Aku berjuang untuk meraih ujung pakaian Jasper dan memohon belas kasihan terakhir darinya.

Namun, sebelum aku didorong ke dalam laut, aku hanya bisa menggantungkan harapan pada segelintir rasa tidak tega yang mungkin ada di matanya.

Akhirnya, dia membuka mulutnya, "Jessy, kamu pandai berenang. Nggak akan terjadi apa-apa."

Saat itu aku baru menyadari, bahkan dalam keadaan seperti ini, aku tidak lebih dari bayangan samar di hidupnya.

"Splash ...." Sebuah suara percikan yang besar terdengar ketika aku didorong dari kapal pesiar ke dalam laut.

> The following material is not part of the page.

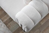 Материалите и текстурата на дивана Stella са внимателно подбрани, за да осигурят дълготрайност и комфорт. Тапицерията от меко бяло букле добавя модерен и стилен завършек, докато металната основа гарантира стабилност и издържливост. Този диван е перфектен за онези, които търсят комбинация от елегантна визия и практичност.

Di dalam air, segalanya mendadak menjadi sunyi.

Pikiranku dipenuhi wajah mereka yang berdiri di atas kapal saat aku didorong. Semua ini hanya karena mereka sedang berlibur dan kalung yang diberikan Jasper kepada Viola jatuh ke laut.

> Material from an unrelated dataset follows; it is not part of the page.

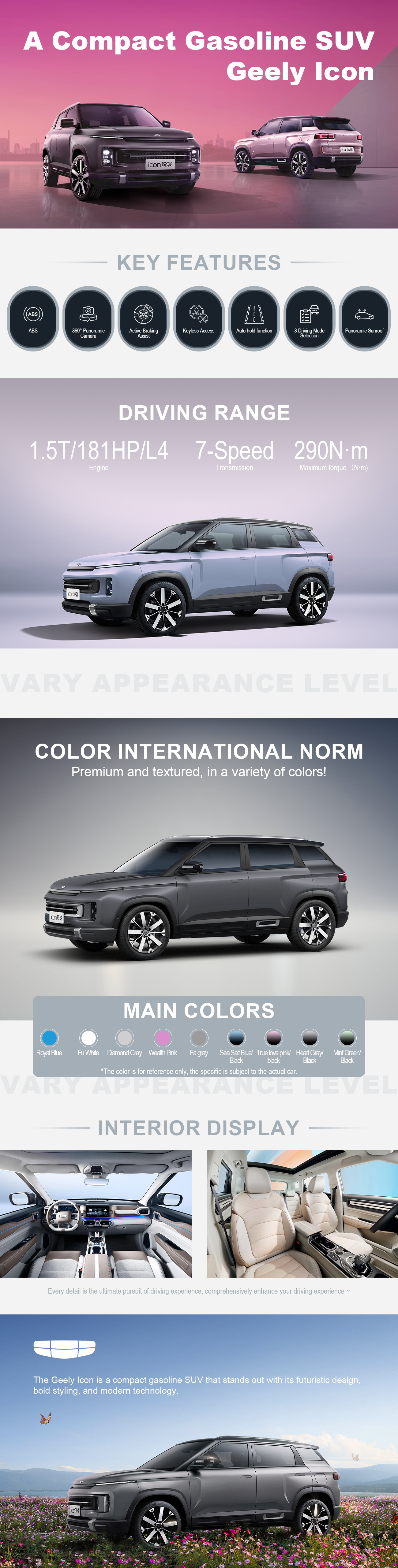 The Geely Icon is a distinctive and contemporary compact SUV that stands out with its eye-catching design and innovative features. Its futuristic exterior showcases sharp angles and a bold silhouette, reflecting a modern aesthetic that appeals to urban drivers.

Suamiku, Jasper, langsung mengusulkan agar aku, satu-satunya yang bisa berenang, turun untuk mencarinya.

Rasa asin memenuhi mulutku, membuatku tak bisa membedakan mana air laut dan mana air mata.

Perutku mulai terasa sakit dan mencengkeram dengan kuat.

Aku menggelengkan kepala dan berusaha untuk tetap sadar. Demi anakku, aku harus bertahan hidup. "Jasper, angkat aku ke atas!" Aku berteriak sekuat tenaga ke arah kapal, tapi suaraku hampir tidak terdengar.

Salah satu pria di samping Jasper berteriak padaku, "Kalung itu adalah peninggalan ibunya Viola, Jessy. Tolong temukan dulu sebelum naik!"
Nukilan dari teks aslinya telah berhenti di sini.